Since POST is an "append" operation, it might be more Englishy to POST to /products, as you'd be appending a new product to the existing list of products.
As long as you've standardized on something within your API, I think that's good enough.
Since REST APIs should be hypertext-driven, the URI is relatively inconsequential anyway. Clients should be pulling URIs from returned documents and using those in subsequent requests; typically applications and people aren't going to need to guess or visually interpret URIs, since the application will be explicitly instructing clients what resources and URIs are available.
Typically you use POST to create a resource when you don't know the identifier of the resource in advance, and PUT when you do. So you'd POST to /products, or PUT to /products/{new-id}.
With both of these you'll return 201 Created, and with the POST additionally return a Location header containing the URL of the newly created resource (assuming it was successfully created).
In RESTful design, there are a few patterns around creating new resources. The pattern that you choose largely depends on who is responsible for choosing the URL for the newly created resource.
If the client is responsible for choosing the URL, then the client should PUT to the URL for the resource. In contrast, if the server is responsible for the URL for the resource then the client should POST to a "factory" resource. Typically the factory resource is the parent resource of the resource being created and is usually a collection which is pluralized.
So, in your case I would recommend using /products
You POST or GET a single thing: a single PRODUCT.
Sometimes you GET with no specific product (or with query criteria). But you still say it in the singular.
You rarely work plural forms of names. If you have a collection (a Catalog of products), it's one Catalog.
I would only post to the singular /product.
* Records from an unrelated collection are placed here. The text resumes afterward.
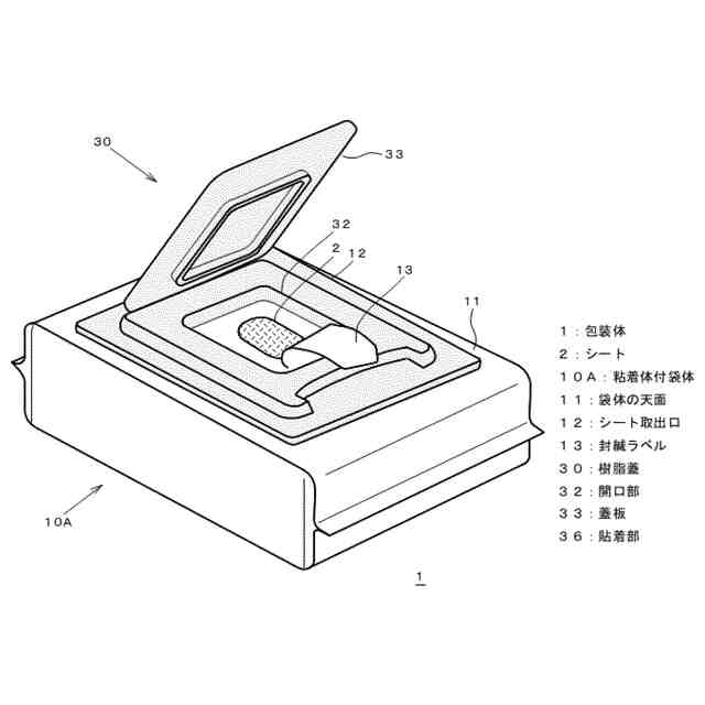 【解決手段】粘着体付袋体10Aが、液体を含有したシート2が収容されたフィルム製の袋体10の天面11に、シート取出口12、該シート取出口12を覆う封緘ラベル13、樹脂蓋取り付け用粘着体14、及び該粘着体14を覆う剥離シート15を有する。この粘着体14は封緘ラベル13の周囲に設けられている。樹脂蓋30は、シート取出用の開口部32と該開口部32を開閉する蓋板33とを有し、袋体10の封緘ラベル13が樹脂蓋30の開口部32内に入る大きさを有し、粘着体14が基材14Bとその両面の粘着層14A1、14A2で形成されている。
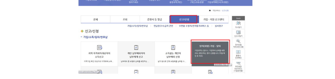 신고 및 신청란에서 국민연금 임의가입 (희망), 탈퇴 메뉴에서 진행할 수 있습니다.
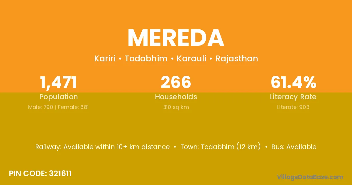 Todabhim (12 km) is the nearest town to Mereda village for major economic activities and is located approximately 12 km away.
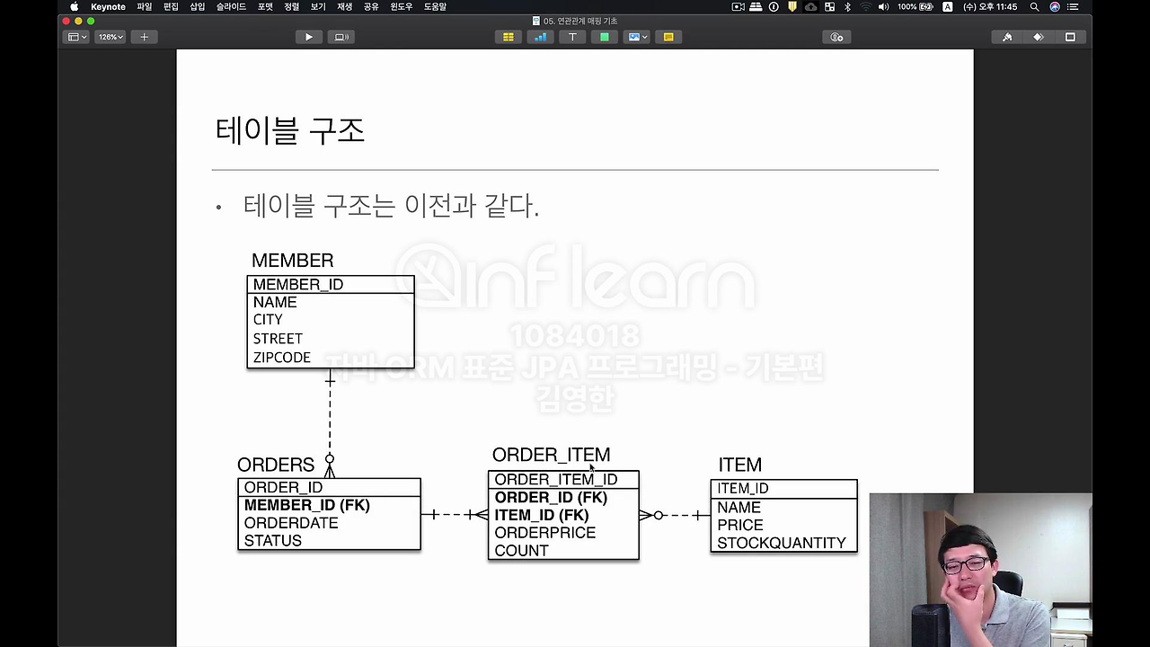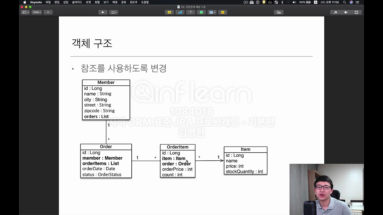 자 그 다음에 여기 보시면 테이블 구조에서 ORDER_ITEM 입장에서 ITEM과의 관계는 ORDER_ITEM이 다이고 ITEM이 1이죠.
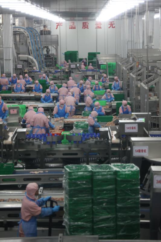 宰殺廠房的燈光比掛雞處的更暗了,除了星星點點的監(jiān)控?zé)艄?,幾乎看不到白羽活雞的運動軌跡。僅僅一步之遙,進入打毛間和掏膛間,白羽雞進行退毛,去頭和去爪后,等待清潔預(yù)冷和被精準(zhǔn)分割為雞腿、雞翅、雞胸肉等產(chǎn)品。
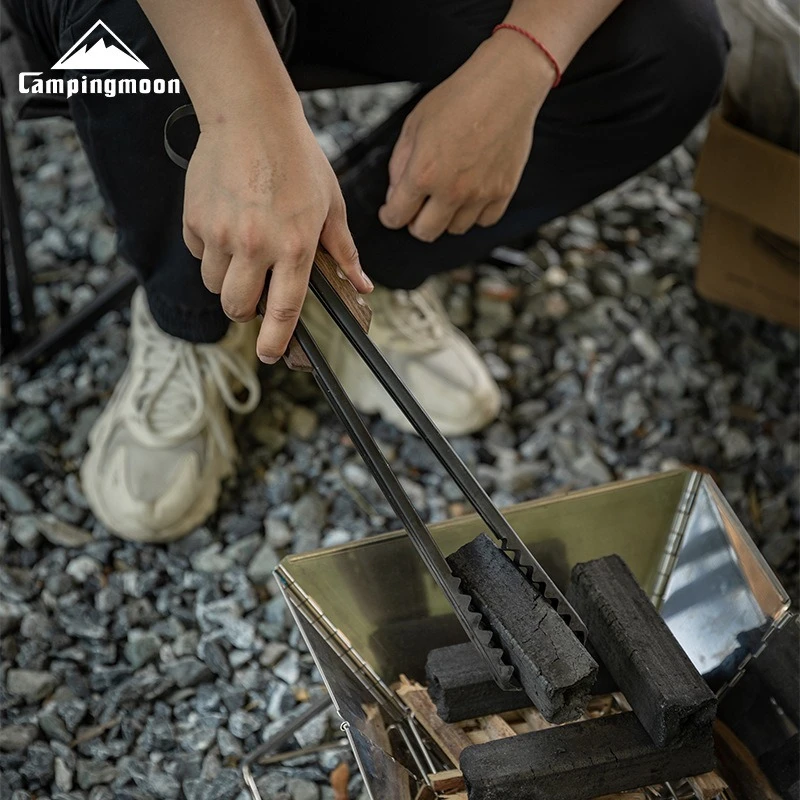 BKMS-41 Thickened Stainless Steel Multi-Function BBQ Accessories Carbon Clip Anti-Scalding Solid Wood Handle Firewood Charcoal C
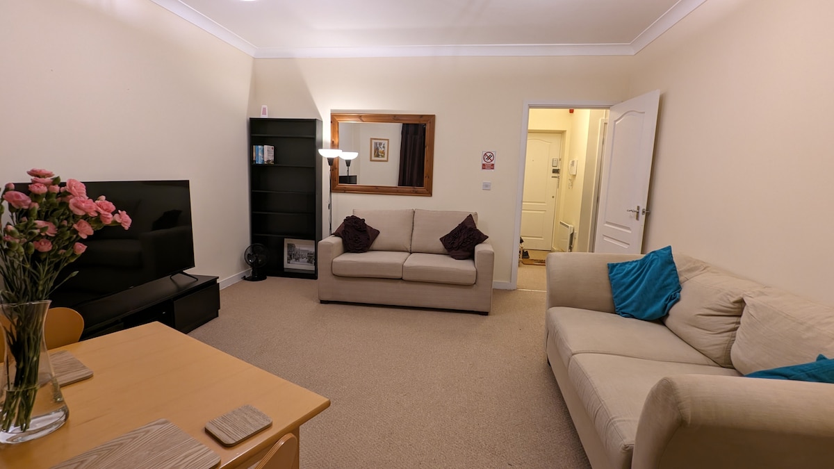 Ovaj moderni jednosobni stan (nije studio) može udobno primiti do 4 gosta jer se nalazi gornji dio kauča na razvlačenje s dvostrukim džepnim madracem. Ima sve što vam je potrebno i još mnogo toga za ugodan boravak: bračni krevet u Ujedinjenom Kraljevstvu, Wi-Fi (maksimalna brzina širokopojasnog interneta: 10 mbps). mašina za pranje/sušenje veša, mašina za pranje suđa, visoki frižider/zamrzivač, električna ploča za kuhanje, rerna, TV ravnog ekrana s Netflixom, DVD, pametni zvučnik, mikrovalna pećnica, čajnik, toster, sef, pegla, fen, toaletne potrepštine, peškiri itd.
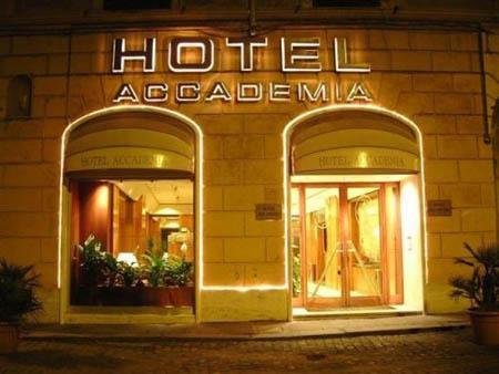 El Hotel Accademia dispone de 75 habitaciones distribuidas en 5 plantas y hasta las que se puede llegar en ascensor. Están dotadas de moqueta, TV en color vía satélite con canales internacionales, teléfono, conexión Wi-Fi de pago, radio, minibar, aire acondicionado, caja fuerte y baño privado con ducha o bañera y secador de pelo.
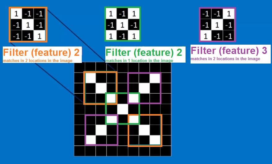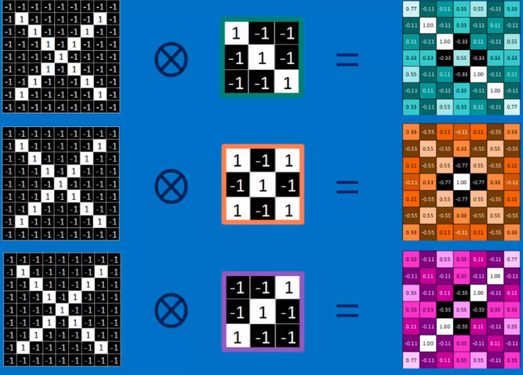 These MxM filters/masks are applied convolutionally at each layer in our CNN - in the case of our input image we apply this at each raw input pixel (at each red, green, blue if color) and we can apply only 1 MxM filter or could have multiple filters like shown above the case is 3 -- in our binary image input this would result in 3 times the amount of input data for the 3 images.......
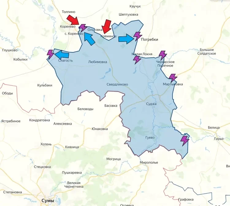 В Суджанском районе рядом с Малой Локней продолжаются бои, наши бойцы сдерживают натиск противника. ВСУ же бьют не только в лоб, но и пытаются зайти с фланга. Так врагу удалось немного продвинуться в сторону Погребков, которые располагаются севернее Малой Локни, пишет PulsePen.
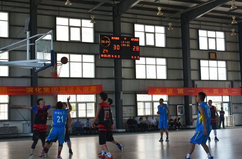 5月29日,应老子有钱lzyq88集团之邀,滨化集团副总经理许峰九、工会主席金建全率公司篮球队一行赴莱,双方开展了热烈而友好的篮球友谊赛。赛前,老子有钱lzyq88集团总经理张德润致辞,表示“老子有钱lzyq88集团与滨化集团是多年的合作伙伴和真挚的朋友,希望通过此次篮球友谊赛,能够加深双方的了解,在运动对抗中,增进彼此的感情,祝愿老子有钱lzyq88集团与滨化集团友谊地久天长。”

It's just too easy to mix up the two URL-s and get confused or make mistakes.
As many said, you can probably choose any style you like as long as you are consistent, however I'd like to point out some arguments on both sides; I'm personally biased towards singular
In favor of plural resource names:
simplicity of the URL scheme as you know the resource name is always at plural
many consider this convention similar to how databases tables are addressed and consider this an advantage
seems to be more widely adopted
In favor of singular resource names (this doesn't exclude plurals when working on multiple resources)
the URL scheme is more complex but you gain more expressivity
you always know when you are dealing with one or more resources based on the resource name, as opposed to check whether the resource has an additional Id path component
plural is sometimes harder for non-native speakers (when is not simply an "s")
the URL is longer
the "s" seems to be a redundant from a programmers' standpoint
is just awkward to consider the path parameter as a sub-resource of the collection as opposed to consider it for what it is: simply an ID of the resource it identifies
you can apply the filtering parameters only where they are needed (endpoint with plural resource name)
you could use the same url for all of them and use the MessageContext to determine what type of action the caller of the web service wanted to perform.
No language was specified but in Java you can do something like this.
WebServiceContext ws_ctx;
MessageContext ctx = ws_ctx.getMessageContext();
String action = (String)ctx.get(MessageContext.HTTP_REQUEST_METHOD);
if(action.equals("GET")
// do something
else if(action.equals("POST")
// do something
That way you can check the type of request that was sent to the web service and perform the appropriate action based upon the request method.